²PGGT-I assays carried out as for PFT assays except rat PGGT-I (5 ng), 5 µM H-Ras-CVLL and 0.65 µM [³H]geranylgeranyl pyrophosphate were used (8).

It can be seen that the compounds are reasonably selective for the malarial versus rat PFT. For example, compounds 17, 18 and 20 at 5 nM inhibits malarial PFT by 32, 80 and 71%, but inhibit rat PFT at this concentration only by 0, 0 and 7%, respectively. All 4 compounds are very poor inhibitors of rat PGGT-I.

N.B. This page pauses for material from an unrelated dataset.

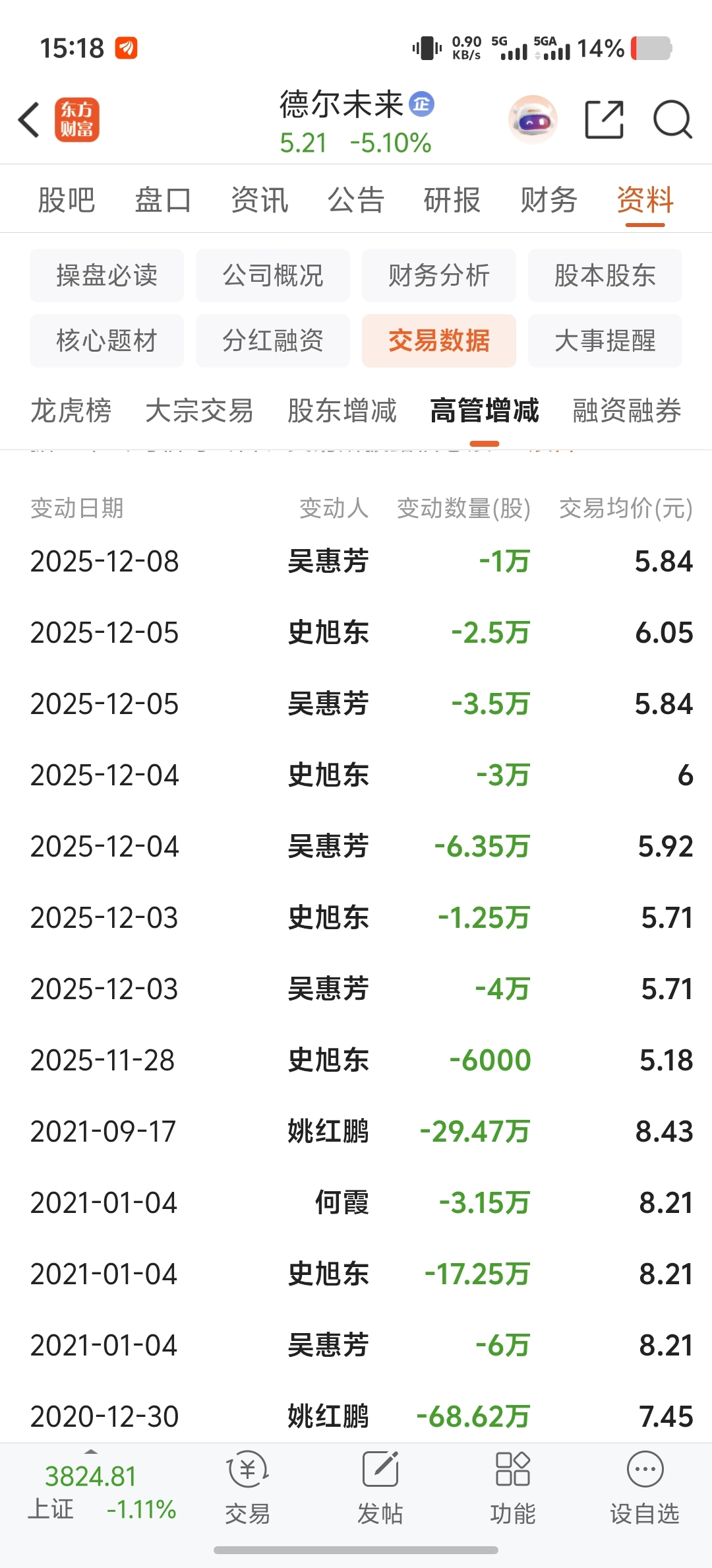 $德尔未来(SZ002631)$ 这种票买它干什么,这么多高管都是在卖,有谁增持了
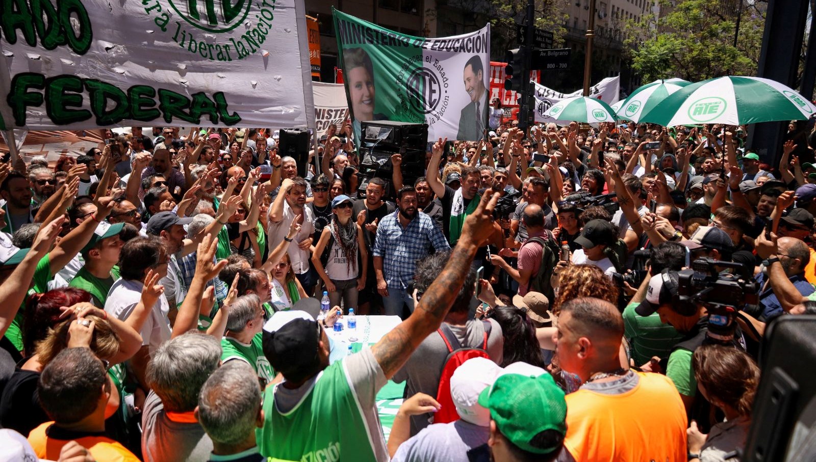 Başkent Buenos Aires’te, Arjantin’de Genel İş Konfederasyonu (CGT) davetiyle bir ortaya gelen yüzlerce kişi, Milei hükümetinin iktisat siyasetini protesto etti.

In conclusion, we have developed a new class of PFT inhibitors based on the 2-oxo-tetrahydro-1,8-naphthyridine scaffold that are more potent on malaria PFT than on the mammalian enzyme. These compounds are metabolically more stable than the tetrahydroquinoline lead compounds. The route of synthesis of these novel compounds was also developed. The most potent compounds in the series inhibit the malarial PFT with potencies in the low nanomolar range and kill cultured parasites in the hundreds of nanomolar range. Future studies will focus on the oral bioavailability and anti-malaria efficacy of these compounds in rodents.